Wine fans can use this data set to confidently converse about all things Portuguese wine. The data set involves 12 attributes including fixed acidity, pH, and alcohol content distilled from information regarding northern Portuguese red and white Vinho Verde wine samples. The University of Minho in Portugal puts everything but the bouquet underneath your nose with this data set of almost 5,000 variants.
This massive data set takes 142.8 million Amazon reviews and parses it into searchable details. Everything is broken down into consumable datasets, whether by category or just by product name. The reviews and metadata span nearly 20 years from 1996 to 2014 and were put together by Julian McAuley of the University of California San Diego.
Reddit can be a bizarre place in and of itself, but what happens when somone aggregates every comment that’s ever been made on the platform? That’s what Reddit user Stuck_In_The_Matrix aimed to find out when creating this data set that tracks over 1.7 billion comments. The comments are categorized by author, comment, score, subreddit, and more using Reddit’s application program interface.
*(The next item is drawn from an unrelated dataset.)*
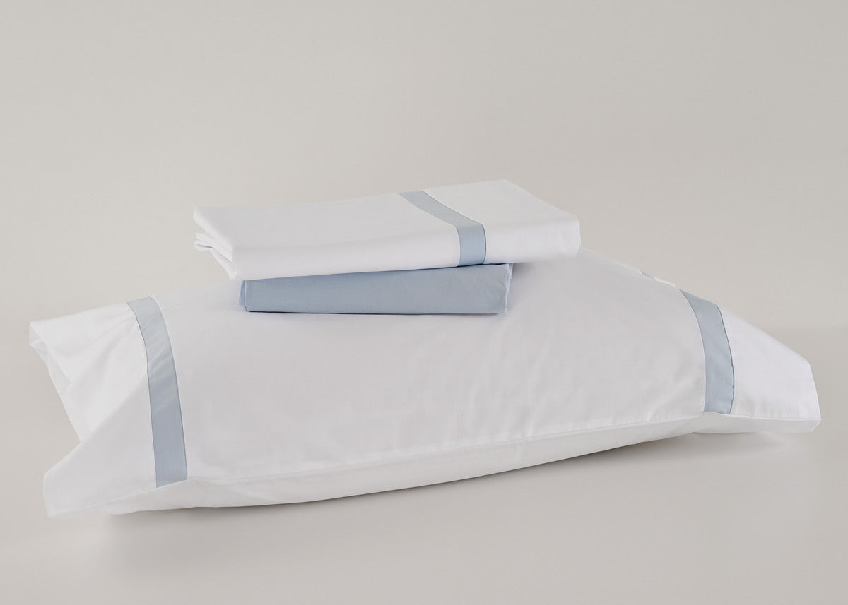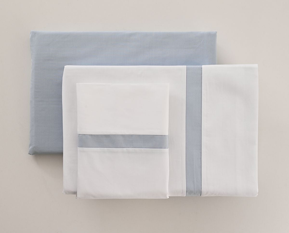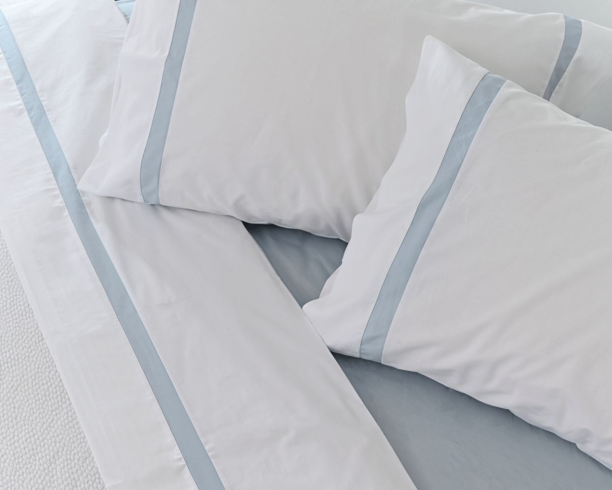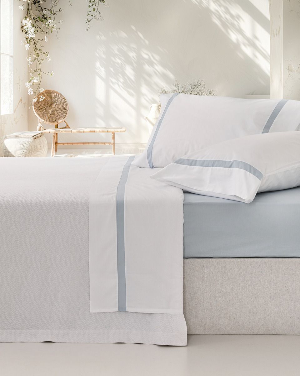 Juego de sábanas de 100% algodón percal peinado 200 hilos en color blanco-azul, de la marca Vidal Home. Juego de cama liso en 100% algodón. Incluye sábana encimera, sábana bajera con goma perimetral ajustable al colchón y 1 o 2 fundas de almohada dependiendo de la medida (ver medidas abajo). Con vivo en la encimera y en la/s funda/s de almohada de color azul, que le otorga un toque de elegancia. Percal peinado 200 hilos, tejido de calidad premium, válido para largos de colchón de 190 y 200 cm. Altura máxima de colchón 32 cm.

With so many comments on such a vast number of topics, anything could be hiding in this data set.
A relatable feeling for many is having that one song on the tip of the tongue, but the name just isn’t coming to mind. To assist in the self-Shazam, the Million Song Dataset is a collaboration of features made up of over a million contemporary popular music tracks. Even though it doesn’t have audio, it does break things down by features of the songs and includes a community of smaller data sets that analyze lyric data and cover songs.
Television painting master Bob Ross calmed millions with his easy-going attitude about "The Joy of Painting" on PBS, and this data set from the statistical analysis artists at FiveThirtyEight analyzes the types of paintings Ross taught in each episode. Broken down by elements like trees, mountains, and water, the data set can be used by Bob Ross aficionados to create an accurate picture of the art teacher’s work or by a novice painter looking for inspiration.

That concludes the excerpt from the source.